▸ Try it: Among the entries that follow, locate the line with "Now THIS is" and the line with "HKScan, the largest". Output those lines and all lines in between, exactly, minus the pictures.

----- Study material

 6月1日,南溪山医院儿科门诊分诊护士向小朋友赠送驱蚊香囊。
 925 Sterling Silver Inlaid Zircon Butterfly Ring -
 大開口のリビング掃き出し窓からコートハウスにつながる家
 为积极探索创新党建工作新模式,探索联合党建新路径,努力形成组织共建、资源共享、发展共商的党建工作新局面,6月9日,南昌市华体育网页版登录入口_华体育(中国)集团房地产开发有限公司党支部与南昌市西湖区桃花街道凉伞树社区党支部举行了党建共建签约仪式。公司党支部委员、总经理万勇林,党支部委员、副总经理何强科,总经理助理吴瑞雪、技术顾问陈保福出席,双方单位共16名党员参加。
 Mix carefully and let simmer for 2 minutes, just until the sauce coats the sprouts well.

----------
----- Study material

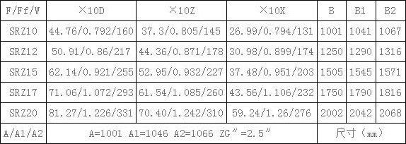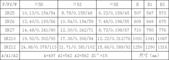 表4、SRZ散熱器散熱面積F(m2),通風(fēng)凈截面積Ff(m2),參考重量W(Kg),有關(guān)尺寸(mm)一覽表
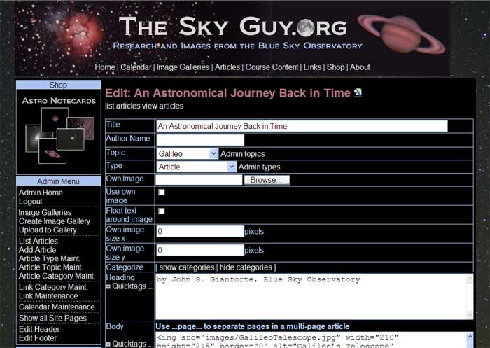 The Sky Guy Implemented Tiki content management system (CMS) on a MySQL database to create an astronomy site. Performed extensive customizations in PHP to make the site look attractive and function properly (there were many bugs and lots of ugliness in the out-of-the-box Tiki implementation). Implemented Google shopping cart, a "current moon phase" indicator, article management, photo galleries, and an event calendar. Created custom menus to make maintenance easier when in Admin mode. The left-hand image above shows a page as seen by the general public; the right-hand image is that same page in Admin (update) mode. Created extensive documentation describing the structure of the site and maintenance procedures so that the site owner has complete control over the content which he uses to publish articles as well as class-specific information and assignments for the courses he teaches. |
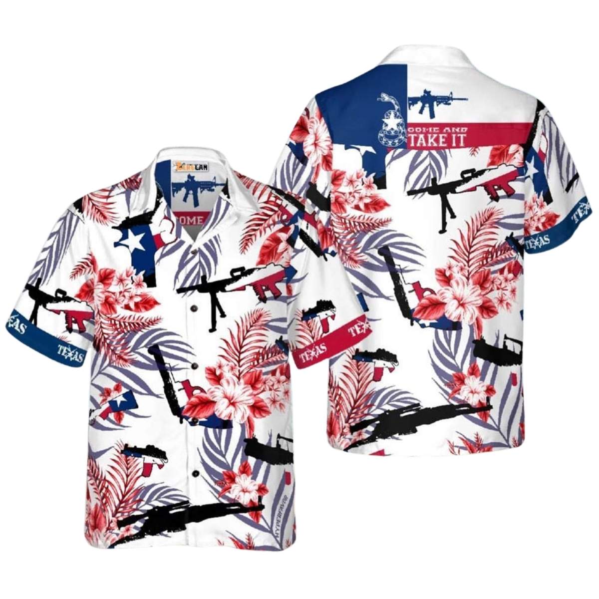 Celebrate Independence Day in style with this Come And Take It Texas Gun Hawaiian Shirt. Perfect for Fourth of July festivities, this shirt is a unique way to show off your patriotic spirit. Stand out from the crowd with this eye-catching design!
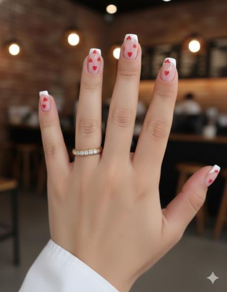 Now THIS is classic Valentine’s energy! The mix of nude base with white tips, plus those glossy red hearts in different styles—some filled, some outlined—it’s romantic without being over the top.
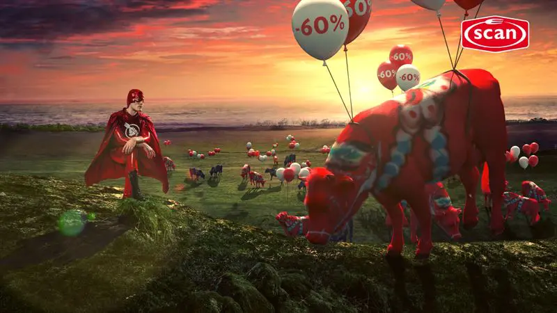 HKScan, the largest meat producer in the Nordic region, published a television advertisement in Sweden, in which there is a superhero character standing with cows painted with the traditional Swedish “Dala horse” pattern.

----------

▸ Result below:
 Now THIS is classic Valentine’s energy! The mix of nude base with white tips, plus those glossy red hearts in different styles—some filled, some outlined—it’s romantic without being over the top.
 HKScan, the largest meat producer in the Nordic region, published a television advertisement in Sweden, in which there is a superhero character standing with cows painted with the traditional Swedish “Dala horse” pattern.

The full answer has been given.